Gosto também daqueles panfletos inteligentes do não que descrevem mães desesperadas porque fizeram abortos, e em consequência desse acto hediondo tentam-se matar ou matar os próprios filhos. Portanto, o aborto é mau porque é um atentado contra a vida, por isso a mulher…vai praticar mais atentados contra a vida? Que raio de cadeia de forças maléficas é esta? Bruxaria? Nunca ouvi falar de mulheres que, depois de terem abortado, fossem espancar os próprios filhos com raiva. Mas enquanto professora conheci muitas mães que não queriam ser mães: e lá estavam os atrasadinhos dos filhos, quais objectos mal amanhados, disléxicos, hiperactivos, indesejados, receptáculos de frustrações emocionais maternas. Dantes isto resolvia-se à estalada e palmada, agora resolve-se comprando doces e brinquedos, mais tarde telemóveis. É a sociedade que nós temos, consequência do caos, do vazio emocional, da desestruturação interior e exterior.
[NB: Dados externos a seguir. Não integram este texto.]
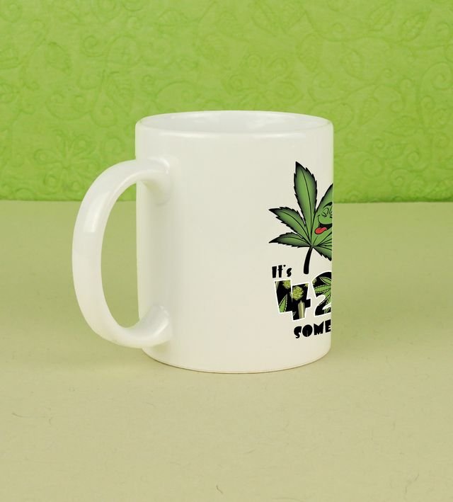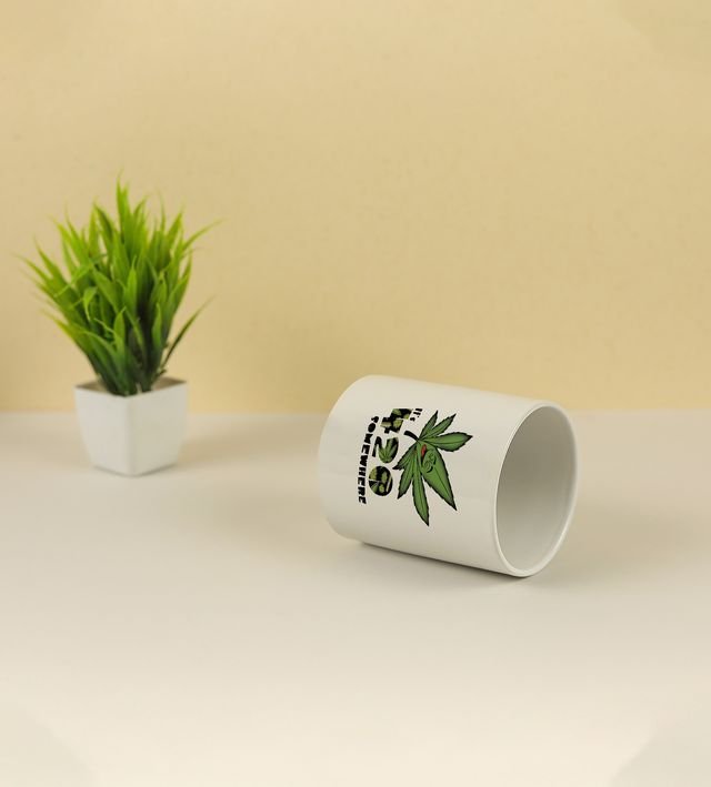 Start your day with a burst of vibrant energy! This printed coffee mug features a psychedelic leaf artwork surrounded by colorful flame-like patterns

Se deixarmos o bom senso à nossa consciência, a coisa até pode correr bem. Se deixarmos a decisão nas mãos de uma sociedade ainda sustentada em princípios medievos e inquisitorais (ou seja, católicos e monárquicos) ficamos entregues à culpa, à punição, ao ressentimento, à dor. Uma coisa todos nós sabemos, não queremos é admitir: nascemos para ser livres e procurar a felicidade. Se permitirmos que «nos» legislem sempre, em tudo, de todas as formas, sobra o quê de nós mesmos? Agora querem legislar a consciência de uma mulher acerca da maternidade, um dos aspectos mais antigos do mundo? A minha opinião é sempre a mesma: deixar as mulheres que querem serem mães e as que não querem ser que não sejam. Não é prudente termos mães contrariadas, era o mesmo que fazer como antigamente, obrigar as senhoras a irem para um convento e os homens para um mosteiro. Isso originava dislates tremendos, desvarios sexuais, práticas abusivas de crianças.
O que originará termos mães que não querem ser mães? Depois vem muita gente dizer-me que uma mãe sabe sempre ser mãe, que tem isso lá dentro, blá, blá. Não acho. Uma pessoa que é contrariada vai-se rebelar mais tarde ou mais cedo, ou simplesmente ficar no seu canto infeliz, projectando raiva e infelicidade num filho. Acham que isso não acontece? Comecem a frequentar supermercados e transportes à hora de ponta. Concordam logo com a despenalização do aborto, garanto-vos.
4 Comments:
Fernanda, do melhor, este é um dos teus melhores textos! Adorei e ri-me imenso! Se eu fsse a favor do Não, depois de ler esse texto votava Sim :p
Amanhã, vota SIM, por mim (não, eu não sou um aborto, não posso é ir votar porque estou aqui no Calhau) :p*
PS- Aparece no MSN! Tenho BIG NEWS :D
Olá, amiga! Fui ao MSN mas não estavas. Hj de manhã estiveste online, mas não tive mto tempo.
Afinal o Sim ganhou, eu nem esperava muito, mas a campanha do Não foi um verdadeiro desastre, quanto a mim (até a minha avó votou sim).
Bjs.
Pá, estive numa azáfama o dia todo! Não deu para contar na net, conto por aqui: volto na 5ª!!!!!!!!!! :D Chamaram-me da agência :D (isto de agência, as pessoas até pensam que é de modelos! Ó pra mim toda elegante! lol) :p
E vamos mesmo poder almoçar no jardim do nosso coração porque fico a trabalhar no Saldanha :D Queres melhor notícia que esta????
PS- A tua avó rula :p*
Sim, mas a Nossa Senhora de Fátima está a chorar. Achei fotos que o comprovam na minha caixa de correio.